Adana'da sağlık çalışanları Balcalı Hastanesi Poliklinikleri önünde bir araya geldi. Sağlık çalışanları, basın açıklaması öncesi şiddetin önlenmesi için hazırladıkları pankart ve dövizleri açıp slogan attı. Asistan hekimler de eyleme destek vermek için grup halinde poliklinikler önüne geldi.
Adana-Osmaniye Tabip Odası Başkanı Doktor Ali İhsan Ökten, sağlık çalışanlarına yönelik şiddetin giderek arttığını savunarak, Sağlık Bakanlığı ve yöneticilerin tehlikeli gidişi sadece seyretmekle yetindiklerin ifade etti.

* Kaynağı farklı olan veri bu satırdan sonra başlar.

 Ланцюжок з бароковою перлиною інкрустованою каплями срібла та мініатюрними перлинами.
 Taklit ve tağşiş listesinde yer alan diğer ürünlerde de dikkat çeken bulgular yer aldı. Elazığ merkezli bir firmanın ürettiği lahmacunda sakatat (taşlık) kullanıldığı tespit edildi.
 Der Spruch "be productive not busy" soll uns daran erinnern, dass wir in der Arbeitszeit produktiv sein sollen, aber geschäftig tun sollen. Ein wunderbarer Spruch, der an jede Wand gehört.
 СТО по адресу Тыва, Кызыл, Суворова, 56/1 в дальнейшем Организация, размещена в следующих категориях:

Antalya Tabip Odası'nın düzenlediği anma etkinliği, Akdeniz Üniversitesi Tıp Fakültesi'nde başladı. Buradan yola çıkan sağlıkçılar Antalya Eğitim ve Araştırma Hastanesi'ne kadar yürüdü. Atatürk Heykeli önünde diğer hastanelerden gelen sağlık çalışanlarıyla bir araya gelen grup, 'Sağlıkta şiddete son' sloganı attı.

"17 Nisan sağlıkta şiddeti kınama günü olsun"
Basın açıklamasını yapan Antalya Tabip Odası Başkanı Can Ertürk, son 10 yılda sağlıkta yapılan değişimin şiddeti de beraberinde getirdiğini belirtti.
Öte yandan, Türk Tabipleri Birliği (TTB) Başkanı Prof. Dr. Özdemir Aktan, artan şiddet olaylarına dikkat çekerek 17 Nisan'ın dünya çapında sağlıkta şiddeti kınama günü ilan edilmesi için Dünya Sağlık Örgütü'ne başvurduklarını açıkladı.

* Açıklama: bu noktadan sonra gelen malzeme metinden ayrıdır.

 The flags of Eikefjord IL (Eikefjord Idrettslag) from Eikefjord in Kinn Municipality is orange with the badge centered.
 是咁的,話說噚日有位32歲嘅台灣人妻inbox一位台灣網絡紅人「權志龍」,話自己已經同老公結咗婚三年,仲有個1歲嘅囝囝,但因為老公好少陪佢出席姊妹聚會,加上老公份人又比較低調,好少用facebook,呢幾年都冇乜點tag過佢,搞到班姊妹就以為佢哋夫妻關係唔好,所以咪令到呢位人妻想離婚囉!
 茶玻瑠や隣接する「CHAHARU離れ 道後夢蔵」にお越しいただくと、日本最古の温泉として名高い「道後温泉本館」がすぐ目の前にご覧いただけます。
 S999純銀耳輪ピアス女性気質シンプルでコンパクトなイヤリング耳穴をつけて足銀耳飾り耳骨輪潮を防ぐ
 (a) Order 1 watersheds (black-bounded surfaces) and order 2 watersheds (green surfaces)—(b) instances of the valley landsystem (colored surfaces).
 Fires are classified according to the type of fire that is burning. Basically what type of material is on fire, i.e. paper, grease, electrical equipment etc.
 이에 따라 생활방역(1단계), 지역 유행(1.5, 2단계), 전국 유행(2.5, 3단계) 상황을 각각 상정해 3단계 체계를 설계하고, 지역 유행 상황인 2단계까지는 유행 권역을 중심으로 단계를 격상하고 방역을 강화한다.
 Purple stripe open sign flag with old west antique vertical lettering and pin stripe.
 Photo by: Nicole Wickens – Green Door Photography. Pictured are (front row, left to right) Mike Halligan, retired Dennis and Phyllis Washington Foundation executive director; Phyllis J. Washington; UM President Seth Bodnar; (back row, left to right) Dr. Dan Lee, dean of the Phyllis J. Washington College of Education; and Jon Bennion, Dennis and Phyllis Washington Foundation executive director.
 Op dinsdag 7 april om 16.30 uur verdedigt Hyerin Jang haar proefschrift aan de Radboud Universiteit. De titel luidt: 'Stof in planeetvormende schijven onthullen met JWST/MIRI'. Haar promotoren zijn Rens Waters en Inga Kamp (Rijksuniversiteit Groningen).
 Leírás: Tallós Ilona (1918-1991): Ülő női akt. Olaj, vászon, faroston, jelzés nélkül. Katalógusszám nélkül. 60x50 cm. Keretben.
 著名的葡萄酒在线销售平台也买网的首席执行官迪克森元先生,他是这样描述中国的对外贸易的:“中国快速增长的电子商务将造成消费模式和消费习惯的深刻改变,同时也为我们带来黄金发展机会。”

Dr. Ersin Arslan'ı bıçaklayarak öldüren 17 yaşındaki M.G.'nin ağırlaştırılmış ömür boyu hapis istemiyle yargılandığı dava ise Gaziantep 4'üncü Ağır Ceza Mahkemesi'nde devam ediyor.

Sağlık Bakanlığı uyardı: Grev haberlerine inanmayın!
Bu arada Sağlık Bakanlığı, sağlık kuruluşlarında iş bırakma eylemi yapılacağından "sağlıkta grev var, doktora gitmeyin" başlıklı haberlerinin gerçeği yansıtmadığını, çalışanların görevlerini sürdürdüğünü iddia etti.

Sağlık personelinin, vatandaşların sağlığını korumayı ilke edindiği ifade edilen açıklamada, şunlar kaydedildi:

''Personelimiz, yaşam hakkının kutsallığını savunarak, zaman ve mesai kavramı gözetmeksizin görevlerini yerine getirmektedir. Bu sebeple medyada 'bugün hasta olmayın', 'sağlıkta grev var, doktora gitmeyin' başlıkları ile duyurulan haberler gerçeği yansıtmamakta, fedakâr sağlık çalışanlarımız dün olduğu gibi bugün de görevlerini sürdürmektedir.''

(soL- Haber Merkezi)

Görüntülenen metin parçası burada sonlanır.